Although previous studies have helped define the natural history of Duchenne muscular dystrophy (DMD)-associated cardiomyopathy, the myocardial pathobiology associated with functional impairment in DMD is not yet known.The objective of this study was to assess the distribution of transverse relaxation time (T2) in the left ventricle (LV) of DMD patients, and to determine the association of myocardial T2 heterogeneity to the severity of cardiac dysfunction. DMD patients (n = 26) and normal control subjects (n = 13) were studied by cardiovascular magnetic resonance (CMR). DMD subject data was stratified based on subject age and LV ejection fraction (EF) into the following groups: A (<12 years old, n = 12); B (>or=12 years old, EF <or= 55%, n = 8) and C (>or=12 years old, EF = 55%, n = 6). Controls were also stratified by age into Groups N1 (<12 years, n = 6) and N2 (>12 years, n = 5). LV mid-slice circumferential myocardial strain (epsilon cc) was calculated using tagged CMR imaging. T2 maps of the LV were generated for all subjects using a black blood dual spin echo method at two echo times. The full width at half maximum (FWHM) was calculated from a histogram of LV T2 distribution constructed for each subject.

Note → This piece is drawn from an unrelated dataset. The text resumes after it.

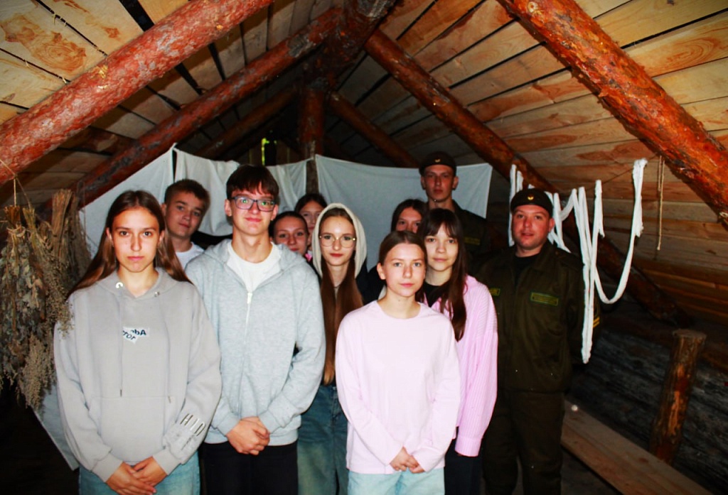 Молодежь посетила реконструкцию партизанской деревни вблизи населенного пункта Ситницкий Двор, где дислоцировались отряды партизанской бригады имени Кирова.

In DMD subject groups, FWHM of the T2 histogram rose progressively with age and decreasing EF (Group A FWHM= 25.3 +/- 3.8 ms; Group B FWHM= 30.9 +/- 5.3 ms; Group C FWHM= 33.0 +/- 6.4 ms). Further, FWHM was significantly higher in those with reduced circumferential strain (|epsilon cc| <or= 12%) (Group B, and C) than those with |epsilon cc| > 12% (Group A). Group A FWHM was not different from the two normal groups (N1 FWHM = 25.3 +/- 3.5 ms; N2 FWHM= 24.0 +/- 7.3 ms).


Reduced EF and epsilon cc correlates well with increased T2 heterogeneity quantified by FWHM, indicating that subclinical functional impairments could be associated with pre-existing abnormalities in tissue structure in young DMD patients.